The University of Oxford Botanic Garden, like all others, is a great source of inspiration and information for Gardeners. And it’s a great day out.
The University of Oxford Botanic Garden
This is Britain’s oldest botanic garden having been founded in 1621 as a physic garden. The modern garden represents 8,000+ plant species across its 4½ acres making it one of the most diverse yet compact collections in the world. Visit the Oxford Botanic Garden and you can encounter 90% of the higher plant families.
The University of Oxford Botanic Garden in Literature
Few gardens, and certainly none so compact, can have inspired more famous authors, especially of classic children’s fiction. Lewis Carroll visited with Alice Liddel and her sisters and later reflected many of its different walks and gardens in Alice’s subsequent adventures.
Then it was the turn of JRR Tolkien, another frequent visitor. Tolkein was particularly impressed by an exceptionally large Austrian Pine (Pinus nigra) that can still be seen today. In The Lord of the Rings, that tree led to the creation of some Middle Earth’s largest inhabitants – the talking, walking tree people called the Ents.

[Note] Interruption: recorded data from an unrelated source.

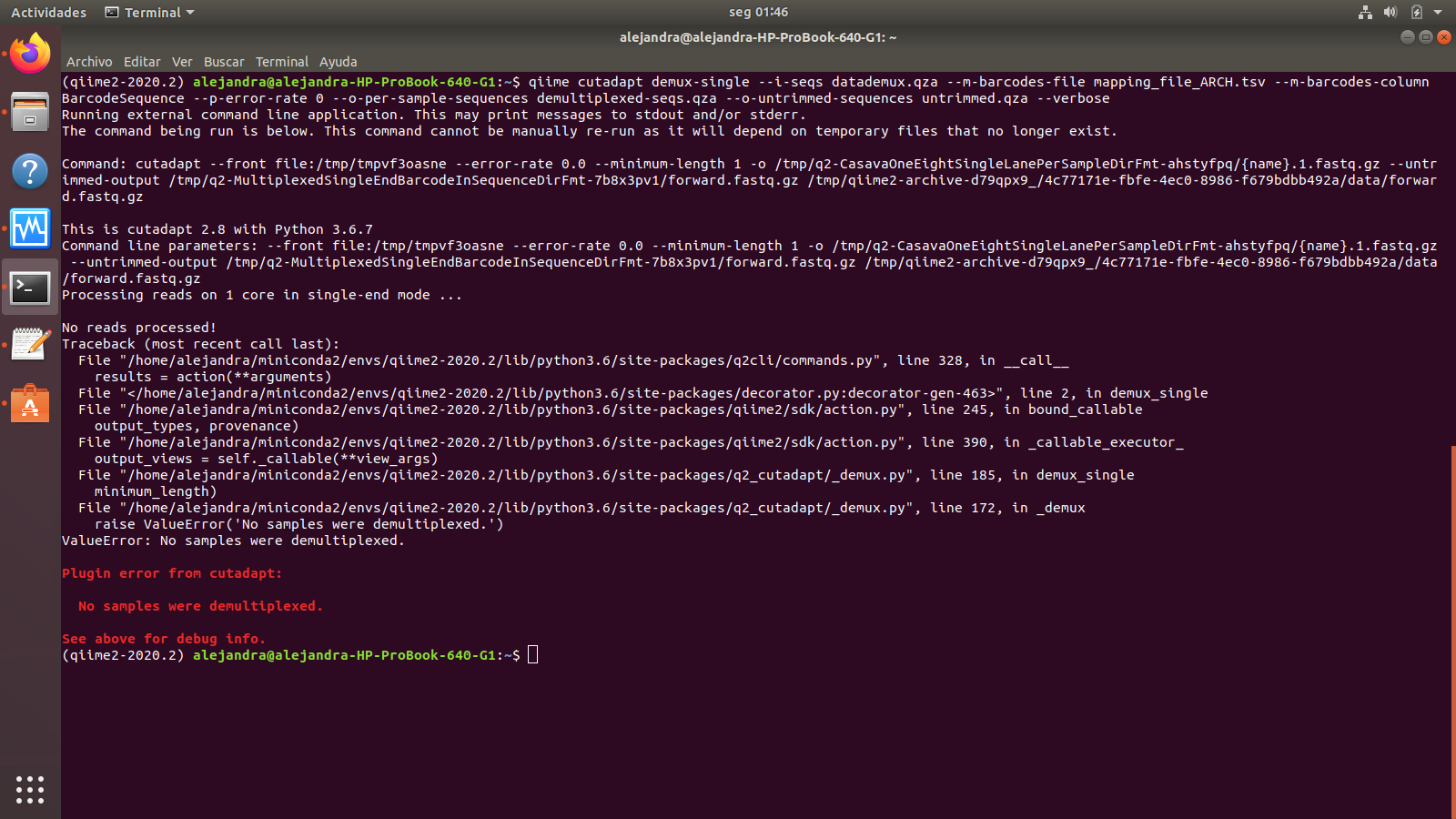 qiime cutadapt demux-single --i-seqs datademux.qza --m-barcodes-file mapping_file_ARCH.tsv --m-barcodes-column BarcodeSequence --p-error-rate 0 --o-per-sample-sequences demultiplexed-seqs.qza --o-untrimmed-sequences untrimmed.qza --verbose
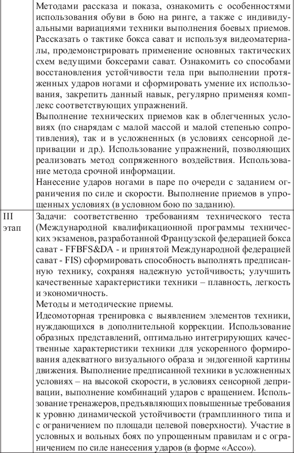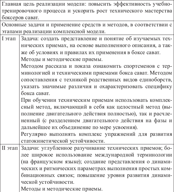 Основные этапы реализации комплексной модели технической подготовки в боксе сават
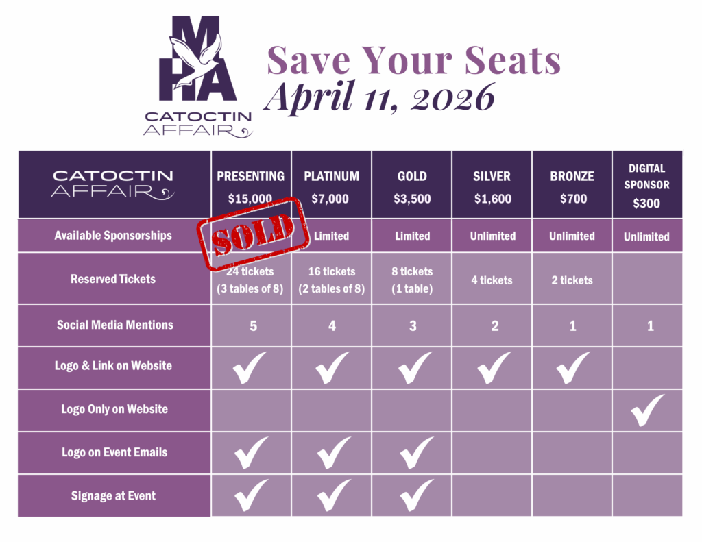 We are honored to recognize the 2025 Catoctin Affair sponsors who generously support MHA’s critical programs and services – thank you! Proceeds from the event support MHA’s vital programs and resources to care for the emotional and mental well-being of our community. We are grateful for the many sponsors who have contributed to the success of the Catoctin Affair for the past 26 years.
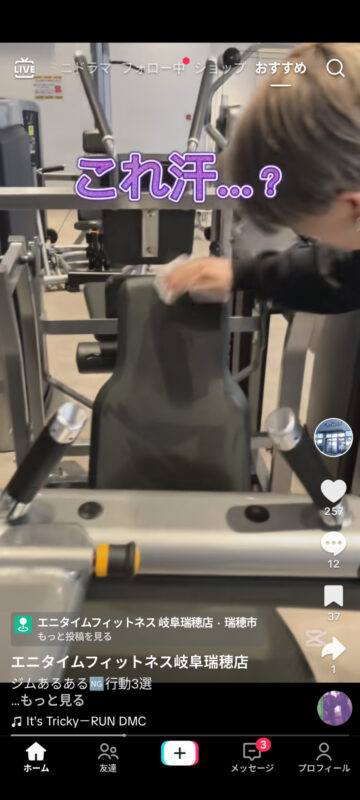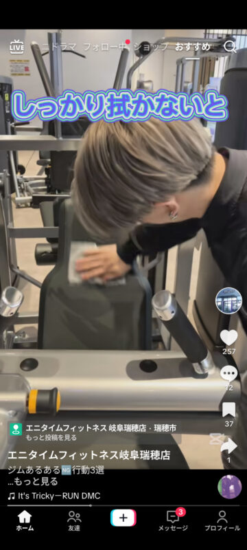 24時間ジムでやりがちなNG行為について、エニタイムフィットネス岐阜瑞穂店の公式TikTokアカウントが動画で紹介しています。
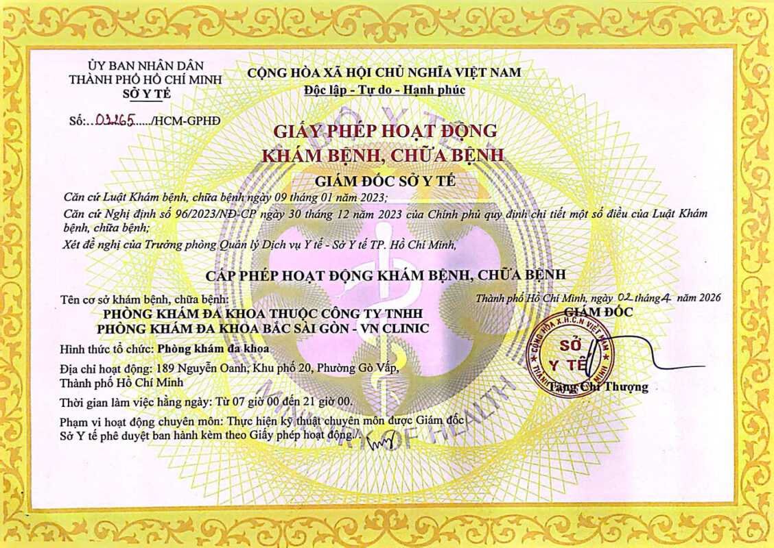 Phòng khám Đa Khoa Bắc Sài Gòn là cơ sở y tế uy tín tại TP.Hồ Chí Minh, chuyên cung cấp dịch vụ khám chữa bệnh đa chuyên khoa. Với đội ngũ bác sĩ giàu kinh nghiệm, tận tâm cùng hệ thống trang hiện đại, chúng tôi cam kết mang đến dịch vụ chăm sóc sức khoẻ toàn diện, an toàn và hiệu quả cho cộng đồng
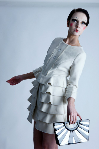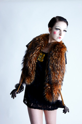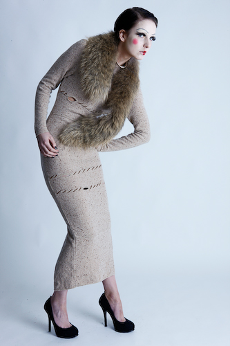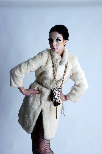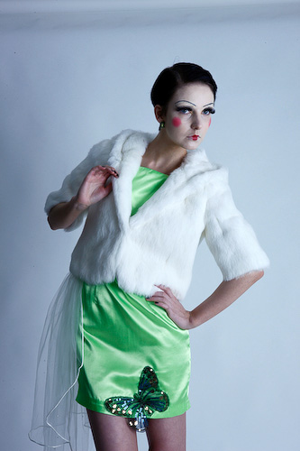 (33) White Rabbit Fur Jacket and Apple Green silk detail Cocktail Dress
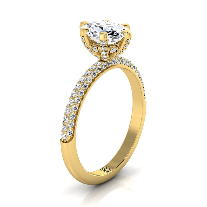 14K Yellow Gold Oval Diamond Three Row French Pave Simple Engagement Ring -1/3ctw
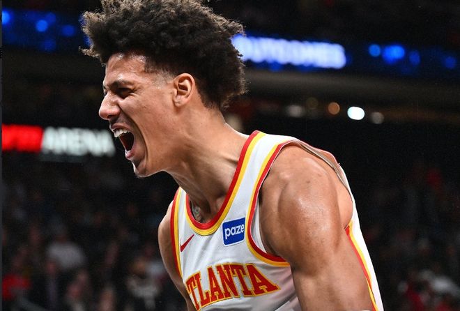 老鹰过去3场连赢国王、凯尔特人与魔术收获3连胜,篮网上一场主场86-117输给黄蜂,本赛季前三次交锋老鹰均战胜篮网。本场老鹰缺少兰代尔,篮网缺少夏普、杰明、波特、沃尔夫。首节老鹰早早开启进攻压制模式,首节老鹰22中11达到5成准星,其中三分10中6,杰伦4+5+2与麦科勒姆2记三分得到8分。篮网19中10,其中三分6中3,史密斯3中3得到9分,首节结束老鹰35-25领先篮网。

In the modern era, the gardens have played their part in another trilogy – Philip Pullman’s His Dark Materials. You two can sit on the same bench as Lyra Belacqua and Will Parry – though unlike them, you probably won’t find yourself in a parallel universe.
Finally, Evelyn Waugh had Sebastian Flyte take Charles Ryder to the garden in Brideshead Revisited.
The 1648 Collection
One of the gardens is called The 1648 Collection, named after a catalogue made in that year of all 1,400 plants then present. Box (Buxus sempervirens) was then used as hedging and the plant is still much in evidence. As is a giant Yew (Taxus baccata), planted in 1645.
The University of Oxford Botanic Garden Today
Then as now, there is a mixture of native and foreign plants growing in a variety of habitats including woodland, bog, a traditional walled garden and orchard. There’re beds and borders aplenty and even vegetable plots.